Во-вторых, я просил бы Вас предупредить [читателей], что многие доказательства я провел иначе, чем Декарт, и не для того, чтобы исправлять Декарта, но чтобы иметь возможность последовательнее придерживаться моего собственного порядка и не слишком увеличивать количество аксиом. По этой же причине я должен был снабдить доказательствами некоторые положения, которые Декартом просто утверждаются без всякого доказательства, и прибавить кое-что, совершенно опущенное у Декарта»[126].
Но самым таинственным является следующее место этого письма Мейеру:
«Наконец, убедительнейше прошу Вас, дорогой друг, чтобы Вы совершенно выпустили и уничтожили все, что было приписано Вами в конце по адресу одного известного Вам человека. К этому меня побуждают многие соображения, но приведу Вам только одно из них. А именно: мне хотелось бы, чтобы всякий мог легко убедиться в том, что сочинение это опубликовывается в интересах всех людей и что Вы, издавая эту книжку, одержимы одним только желанием служить распространению истины, что Вы в соответствии с этим всячески заботитесь о том, чтобы произведеньице это встретило у всех благосклонный прием, что Вы доброжелательно и радушно приглашаете людей к изучению истинной философии и стараетесь о пользе всех людей. Всякий легко поверит этому, видя, что никто в этом сочинении не задевается и что в нем не предлагается ничего такого, что могло бы оказаться оскорбительным для кого-либо. Если бы, однако, после этого человек этот или кто-нибудь другой захотел проявить свой дурной и завистливый нрав, то тогда Вы сможете не без успеха разоблачить его характер и образ жизни. Итак, я прошу Вас подождать пока что. Примите благосклонно мою просьбу и будьте уверены в моей полнейшей преданности Вам»[127].

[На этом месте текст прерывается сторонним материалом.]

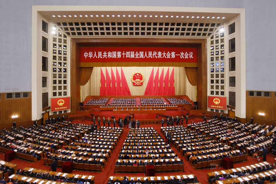 3月10日,中華人民共和國第十四屆全國人民代表大會(huì )第一次會(huì )議憲法宣誓儀式在北京人民大會(huì )堂舉行。

Мейер выполнил эту просьбу друга, и потому мы не знаем и, скорее всего, так никогда и не узнаем, о каком именно человеке говорил Спиноза.

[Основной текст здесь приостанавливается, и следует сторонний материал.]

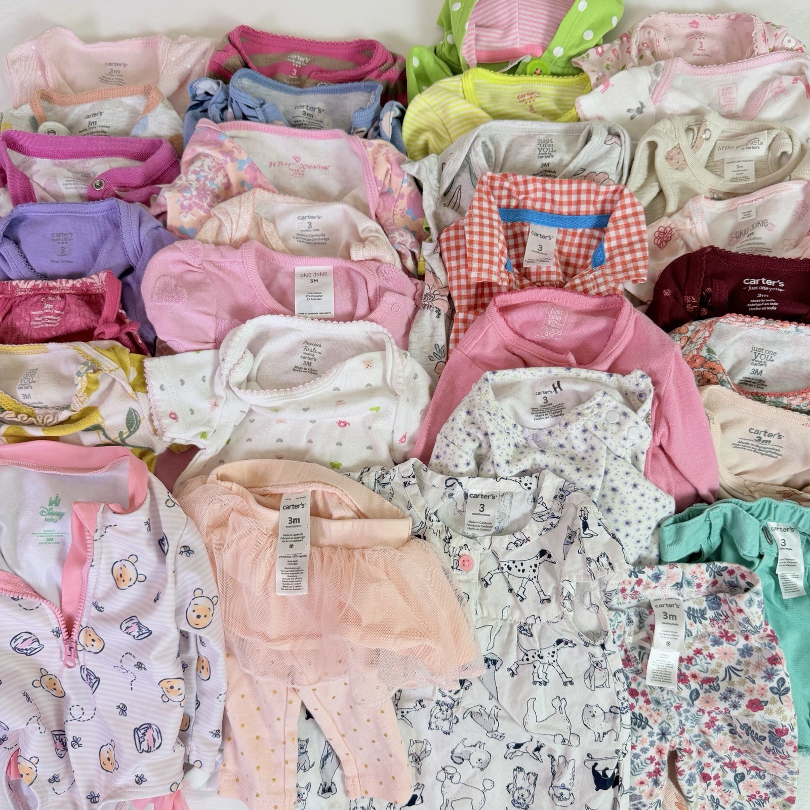 Girls Baby Bundle Clothes 3 Months 30pc Lot Onesies Footed Pajamas Assortment

Автор этой книги предполагает, что речь могла идти о Кайзерусе, который вначале, возможно, пытался издать конспекты Спинозы под своим именем или, в подражание древним грекам, в виде своих диалогов с философом. Когда же ему дали понять, что ни то ни другое неприемлемо, молодой человек стал настаивать, чтобы его имя было хотя бы упомянуто в книге. Мейер, видимо, решил выполнить эту просьбу, но упомянул имя Кайзеруса с крайним сарказмом, чему Спиноза воспротивился, так как ему совсем была не нужна склока.